"An original notion," said Sir James judicially. "If practicable. And what else did he invent?"

"Wasn't it he who invented some new way of not posting letters—by electricity?"

"I rather think you're confusing him with Marconi," said Sir James, shaking his head. "But I always detect genius! It's a curious thing, Woodville, but I never make a mistake! By the way, I should like to send a card to the Leader of the Opposition and his wife. Inquire of Sylvia about their address. I don't know them, socially, but I fancy they would be rather surprised if I omitted them."

"It might, indeed, be rather marked," said Woodville, making a note, and remembering that it is as impossible nowadays to ask every one one knows as to know every one one asks.

"Well, I'll leave you to your work, and we'll do the speech later, a little later ... much later," and Sir James meditatively bent his elbows on the arms of the chair, accurately placed all the tips of his fingers together, and slowly blinked his eyes. He did not mean any harm by this. In fact, he meant nothing. His gestures and expression had no significance at all. He simply behaved like any other elderly Anglo-Saxon who believes himself to be political and to resemble the "Younger Pitt."

"I rather wanted to ask Miss Crofton about a change of address," said Woodville, glancing swiftly and hypocritically through the Red Book.

"I'll send her to you—I'll send her. Don't move. Sit still, sit still."

Woodville followed with his eyes the closing of the door; then he put down his pen and gazed at the closed door. Sometimes he thought his life was like a closed door. Yet, perhaps, there might be some one on the other side of the door? (According to Maeterlinck—or is it Owen Seaman?—there is always some one on the other side of a door.)

At a casual glance Woodville seemed the conventional type of a good-looking young Englishman, tall, fair-haired, and well built. He possessed, however, a forehead unnecessarily intellectual; and a sparkle of more than mere animal spirits lurked in the depths of his dark brown eyes. An observer would also have noticed that his mouth and chin had something of the stern and sad look of fatalism that one sees in the pictures of Rossetti and Burne-Jones. He had the unmistakable public-school and University hall-mark, and if he had been fairly liked at Eton, at Oxford, where (as Mr. Max Beerbohm so rightly says) the nonsense knocked out of one at school is carefully and painlessly put back, Woodville was really popular, and considered remarkably clever, capable of enjoying, and even of conceiving, Ideas. Detesting the ready-made cheap romantic, and yet in vague search of the unusual, he often complained bitterly that his history—so far—was like the little piece of explanation of the plot (for those who have missed it) at the beginning of a chapter of a feuilleton in the Daily Mail. It was rather hard to have to admit that he had been left an orphan at three years old and adopted by his bachelor uncle, a baronet called Sir Bryce Woodville, who had brought him up as his acknowledged heir, with the prospect of a big estate.

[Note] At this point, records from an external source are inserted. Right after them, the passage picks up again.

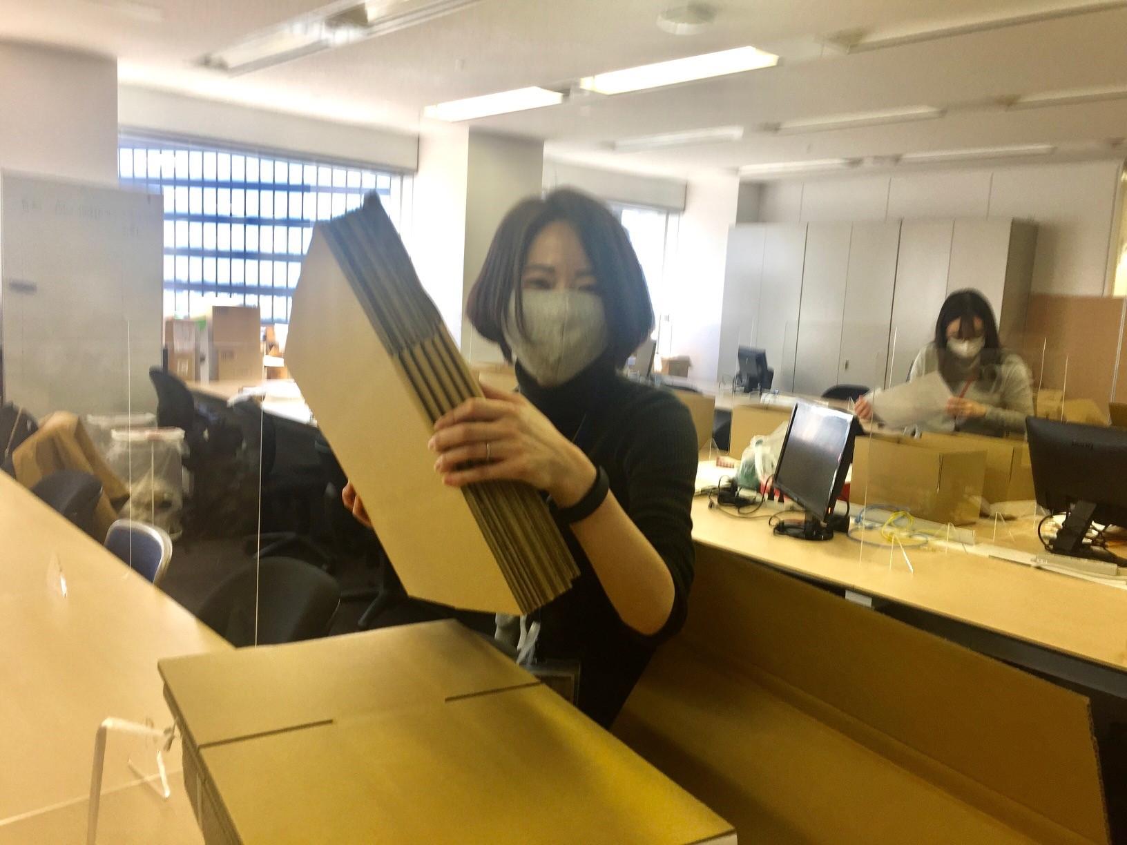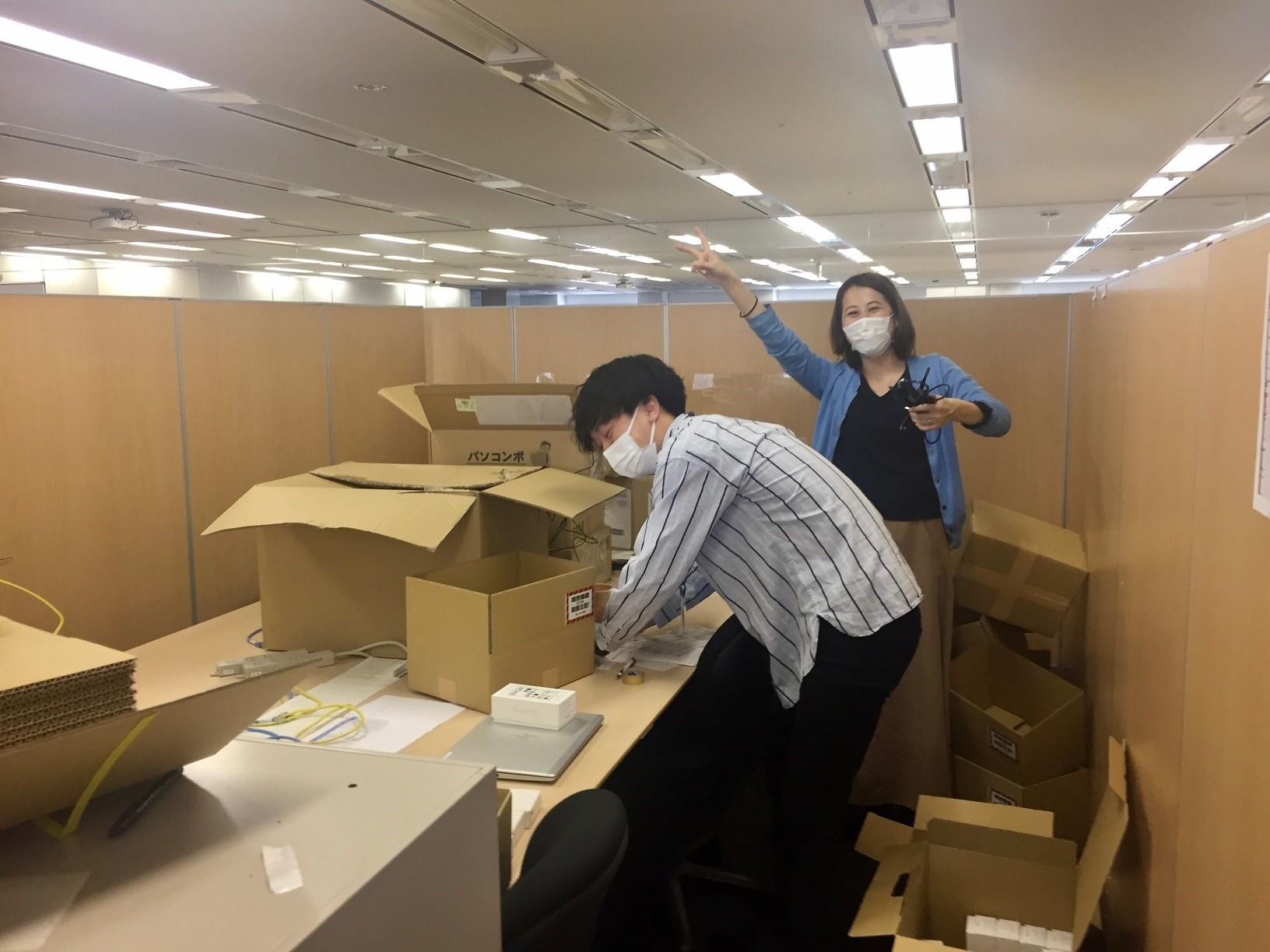 まるで引っ越し…?!な風景ですが、実はこちら、新入社員に向けてPCを発送する作業中。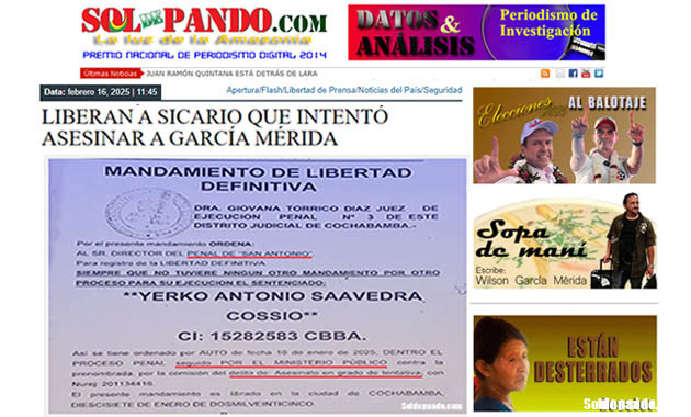 El 16 de febrero de este año, Sol de Pando denunció la ilegal liberación del sicario Yerko Saavedra por parte de la juez de Ejecución Penal de Cochabamba, Giovana Torrico Díaz. Funcionarios de Régimen Penitenciario y del Ministerio de Gobierno, vinculados a García Linera, promovieron el criminal prevaricado de la juez Torrico. | Foto Sol de Pando
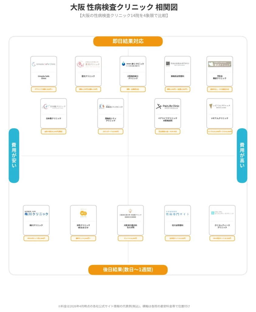 即日結果を重視するなら梅田エリアの専門クリニック、費用を抑えたいなら梅川クリニックの約3,000円や星光クリニックの保険診療1,230円が際立ちます。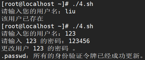 - 例题四:执行脚本输入用户名,若该用户存在,输出提示该用户已存在;若该用户不存在,提示用户输入密码,建立用户并设立其密码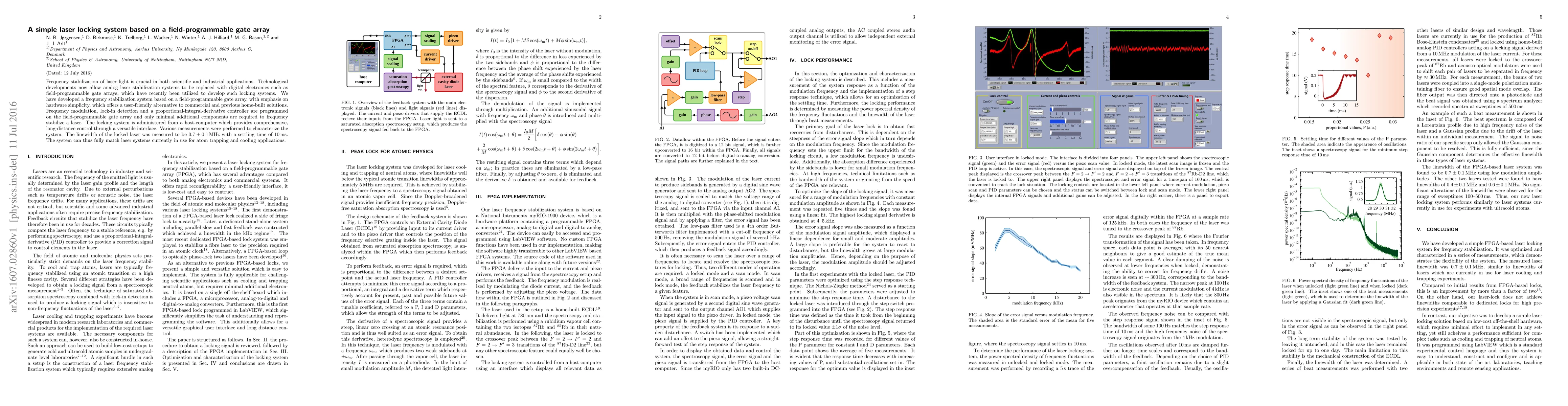 Frequency stabilization of laser light is crucial in both scientific and industrial applications. Technological developments now allow analog laser stabilization systems to be replaced with digital electronics such as field-programmable gate arrays, which have recently been utilized to develop such locking systems. We have developed a frequency stabilization system based on a field-programmable gate array, with emphasis on hardware simplicity, which offers a user-friendly alternative to commercial and previous home-built solutions. Frequency modulation, lock-in detection and a proportional-integral-derivative controller are programmed on the field-programmable gate array and only minimal additional components are required to frequency stabilize a laser. The locking system is administered from a host-computer which provides comprehensive, long-distance control through a versatile interface. Various measurements were performed to characterize the system. The linewidth of the locked laser was measured to be $0.7 \pm 0.1 \; \rm{MHz}$ with a settling time of $10 \; \rm{ms}$. The system can thus fully match laser systems currently in use for atom trapping and cooling applications.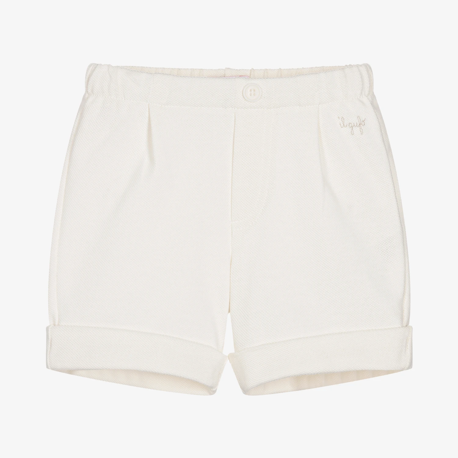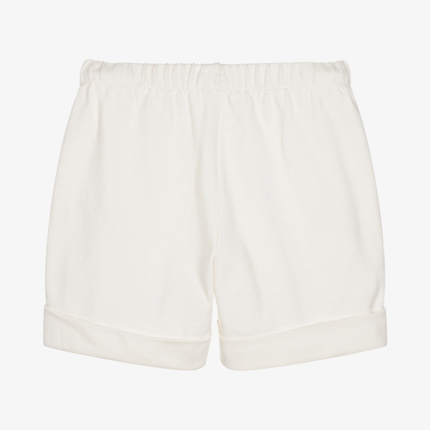 Casual ivory Bermuda shorts for little boys from luxury Italian brand Il Gufo. Made in cotton piqué and with an elasticated waist, they are cool and comfortable to wear. They are finished with a decorative button on the front, a delicately embroidered logo, and turned-up cuffs.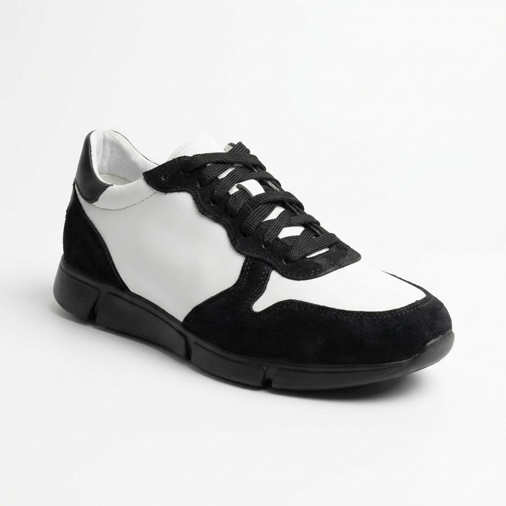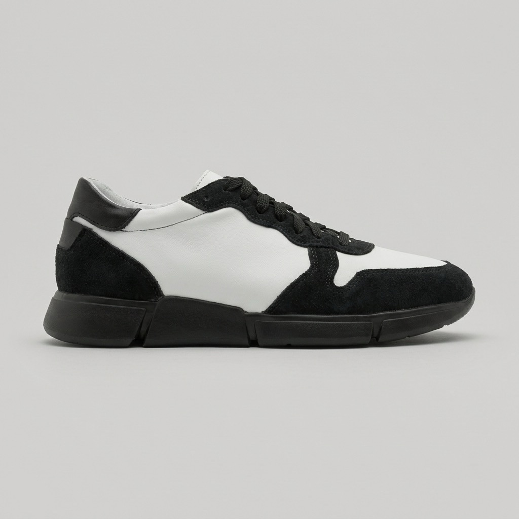 Изработени изцяло от естествена кожа в черно и бяло, тези обувки съчетават класическа здравина с модерна визия, която лесно се вписва както в ежедневни, така и в по-елегантни комбинации.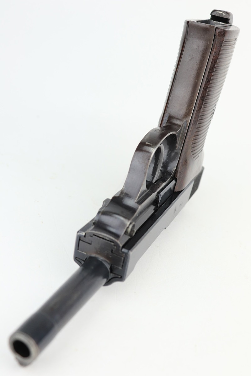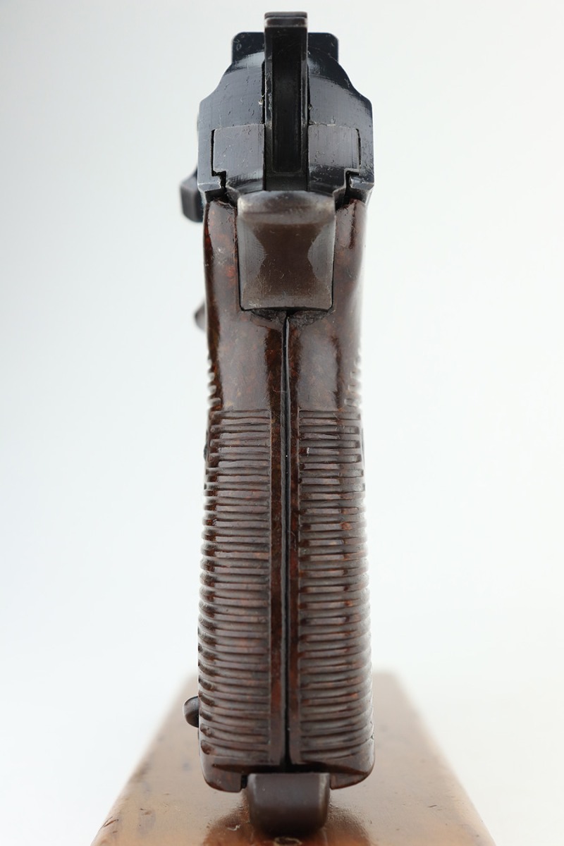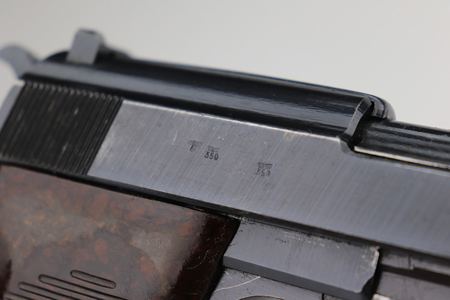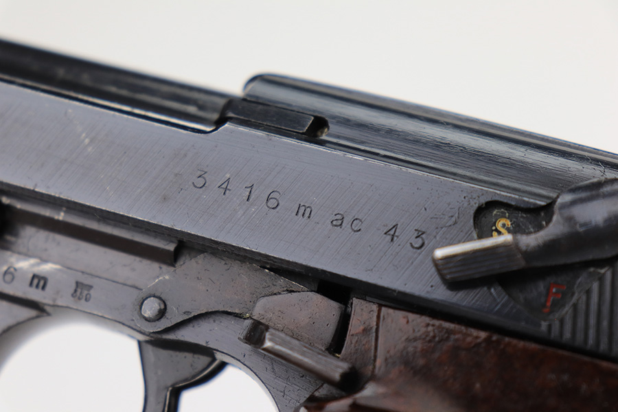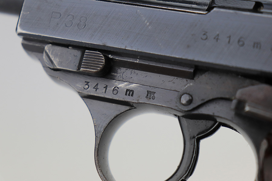 3/29/23 – This is an excellent example of a matching and original Walther P.38 1943. It’s a scarce variation with ‘ac 43’ marking in a single line on the slide, only found in the ‘n’ and ‘m’ serial blocks, one of about 18,000 made. This one has retained about 97% of its original finish with very minor wear around the muzzle and the high edges of the slide. Very light brown patina on the front strap. Fitted with excellent reddish-brown bakelite grips. Comes with an “Eagle 135” marked Mauser magazine. The bore is shiny with strong rifling, but unfortunately there is a minor bulge in the barrel around the muzzle end. De-cocker is functional.

Frank had gone with careless gaiety through school and college, when his apparently sane and kind relative, growing tired of romantic drama, suddenly behaved like a guardian in an old-fashioned farce. Instead of making his wife his housekeeper, as most men do, he made his housekeeper his wife. She was a depressing woman. In a year he had a son and heir, and within two months after this event, he died, leaving his nephew exactly one hundred pounds a year.